The Rock Wood Fired Kitchen & Spirits, a freestanding casual dining restaurant, will occupy roughly 7,500 square feet on two floors.


VertsKebap, an Austin-based fast-casual chain that serves sandwiches, wraps and salads, will continue its Dallas-Fort Worth growth with a location in the park.


Gathering place

In July, Dog Haus, a gourmet hot dog, sausage and burger chain based in Pasadena, Calif., announced a 20-restaurant franchise deal for North Texas that includes a restaurant park location.


“Having a destination where people will go to gather and spend time made a lot of sense for me,” said Ron Ryan, the North Texas franchisee for Dog Haus and head of Texas Wurst Restaurants LLC. “Having other restaurants around creates a synergy, it brings people to the area, even if they’re undecided” about which restaurant to pick.


“It's interesting to have a collective effort to bring people to the site, and then the restaurants in the site will sort out what their share” will be, said Ryan, former vice president of operations for Dallas-based Maggiano’s Little Italy.  The Richardson restaurant cluster includes more than 1,000 feet of frontage along Central, where more than 330,000 cars a day zip by, Hermansen said.


It’s on a stretch of roadway that contains few restaurants compared to, say, the Dallas North Tollway.


There is “so little competition” on the stretch of Central between LBJ Freeway to just north of the Bush Turnpike, Hermansen said. “That’s what attracted me to the site.
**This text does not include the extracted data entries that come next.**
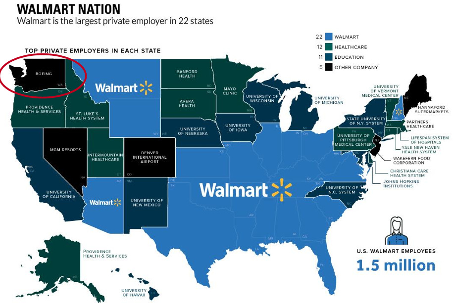 Walmart is the largest private employer in almost half of all states.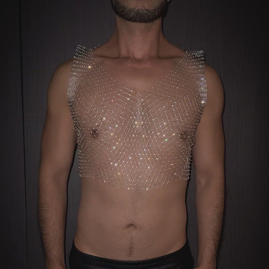 MAKE A STATEMENT WITH OUR UNISEX RHINESTONE MESH CROP TOP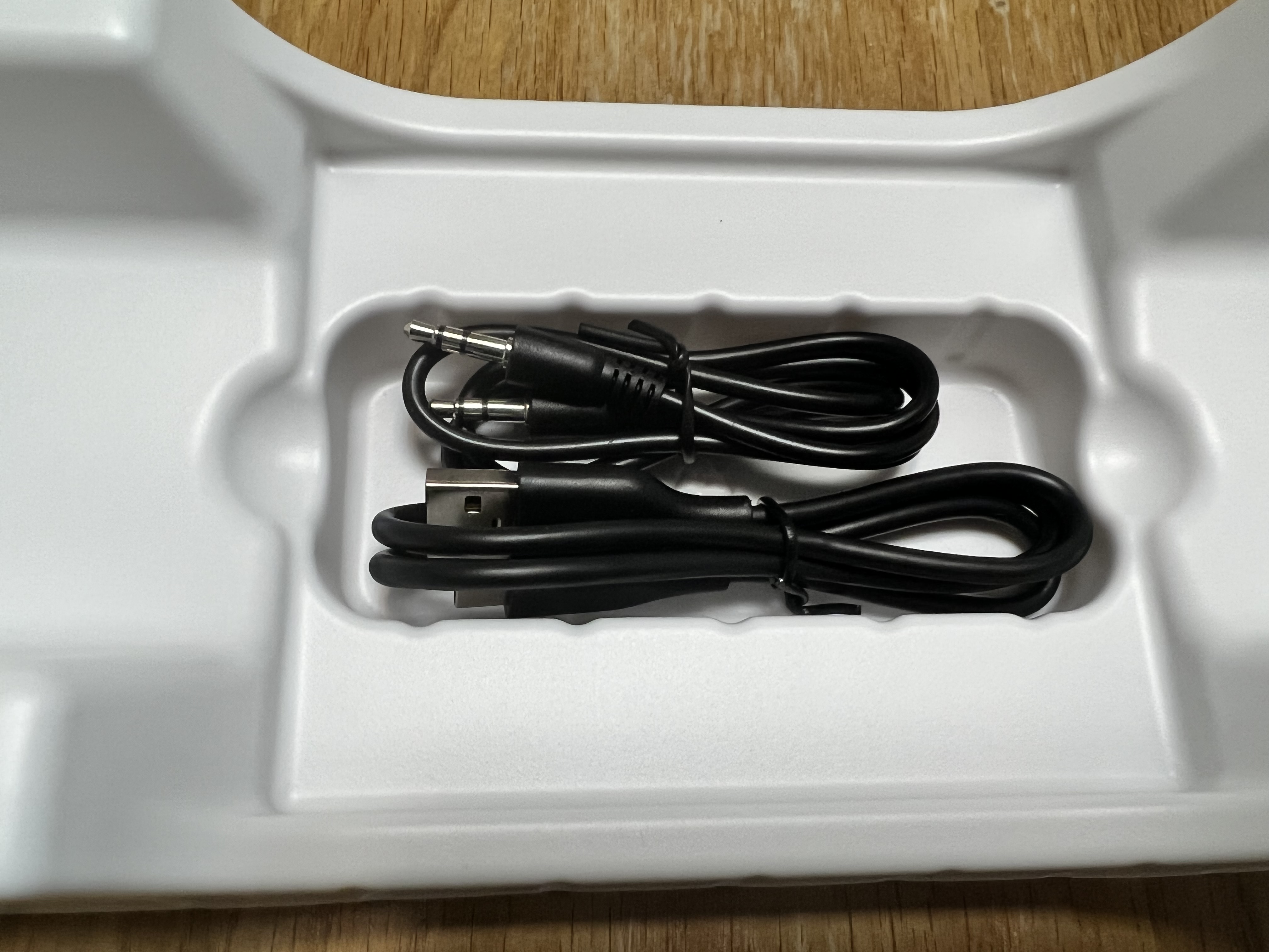 AUX선, USB-C 타입 충전 케이블이 보입니다.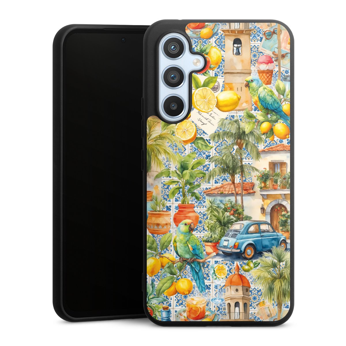 For the Silicone Premium Case Line we use the solid direct printing process. The print area covers the back, the edge remains unprinted. The mobile phone case can be ordered unprinted, fully printed, or partially printed. For your design, either choose one of our exclusive shop motifs or get creative and create your own design, for example with photos and overlays.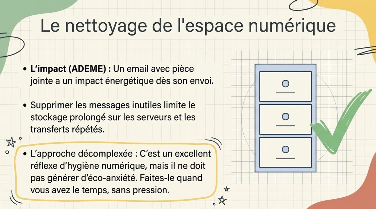• Nettoyer ses mails et pièces jointes — L’ADEME indique qu’un email avec pièce jointe a un impact non nul dès l’envoi ; supprimer les messages inutiles limite le stockage et les transferts répétés.

Richardson is vastly underdeveloped for restaurant seats.”


Most of the restaurants will be clustered around a central plaza that will serve as a public square and include a shallow pool fountain with illuminated translucent columns. At least four of the restaurants will surround the plaza.
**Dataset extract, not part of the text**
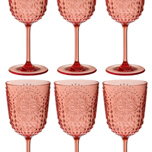 Set da 6 bicchieri da vino infrangibili rossi, ideali per il servizio di vino, spritz e cocktail. La forma slanciata e la capacità di 414 ml li rendono adatti sia all’uso quotidiano che a contesti conviviali.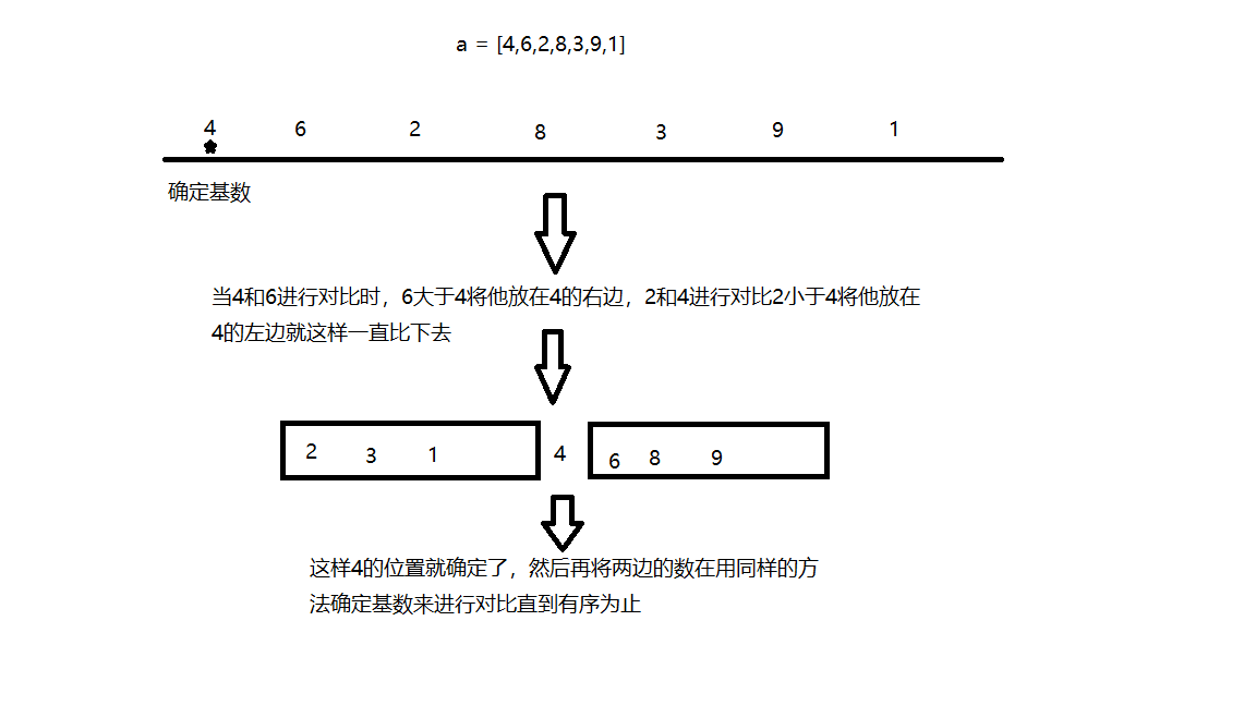 快速排序会在一个容器型数据类型中踢出一个元素作为基数(通常是开头和尾部),将基数和其他的数进行对比如果比基数大的话,放在一个容器中,如果比基数小的话放在一个容器中,对比完了之后基数的位置就确定了,然后用同样的方法来将两个存放大的和小的容器在进行对比一直有序为止

The portion of the site opposite Central will have a walkway that leads to the adjacent residential neighborhood.


To make way for the restaurant development, the city of Richardson purchased the 1960s-era Continental Inn in 2012 for $2.2 million and tore down what some said had become an eyesore. The city sold the site to Hermansen for $2.2 million but gave him a $2.2 million development grant that essentially canceled out that cost.
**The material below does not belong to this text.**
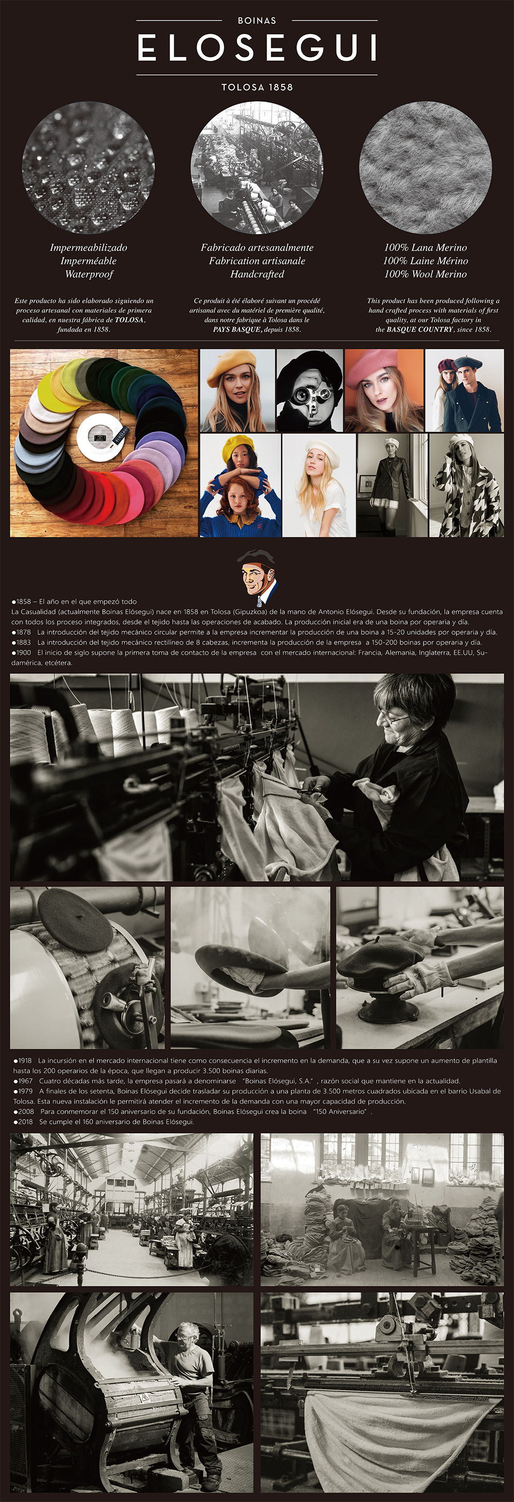 1858年;由Antonio Elósegui於西班牙貝雷帽發源地巴斯克地區托洛薩創立

An infrastructure rebate of up to $1.2 million also is available to the developer.  Revamping the former Continental Inn site was one of five possible projects outlined in the the West Spring Valley Reinvestment Strategy plan that the Richardson City Council adopted in 2009.


Sizzling locations

So far, the area has not had the kind of major redevelopment seen in cities such as Frisco or in the northern reaches of Richardson at the CityLine project.


Ryan of Dog Haus also is planning to open a location in Warren Buffett’s mammoth Grandscape development in The Colony. That 400-plus acre project is home to Nebraska Furniture Mart and is to eventually include hotel rooms, more retail and a live music venue.


West Plano Village, which Young said was marketed largely as a restaurant collective, includes housing and office space.


Even Trinity Groves, which began as a restaurant incubator, is branching out to add housing. Cypress at Trinity Groves, featuring studios and one- and two-bedroom apartments, is expected to open by next summer.  During the Richardson Restaurant Park’s plans-on-paper stage, some residents questioned why the site was being developed as a single-use project rather than multi-use.


“We’re all restaurants, no retail by design,” Hermansen said.


But Hermansen said that might not always be the case.


“It would be premature to look too hard at doing something [else] now,” he said. “If this is as successful as we think it will be, the natural thing for us to do would be … to look to expand the park. We don’t have anything planned, but would we look at it? Yes.”


Once he plants his flag, Hermansen expects other developers and entrepreneurs to take another look at the area, a mature section of Richardson that some see as in need of a makeover.  “The city hopes we will spark some development within that entire” area, he said. “We hope we’re the catalyst for that.”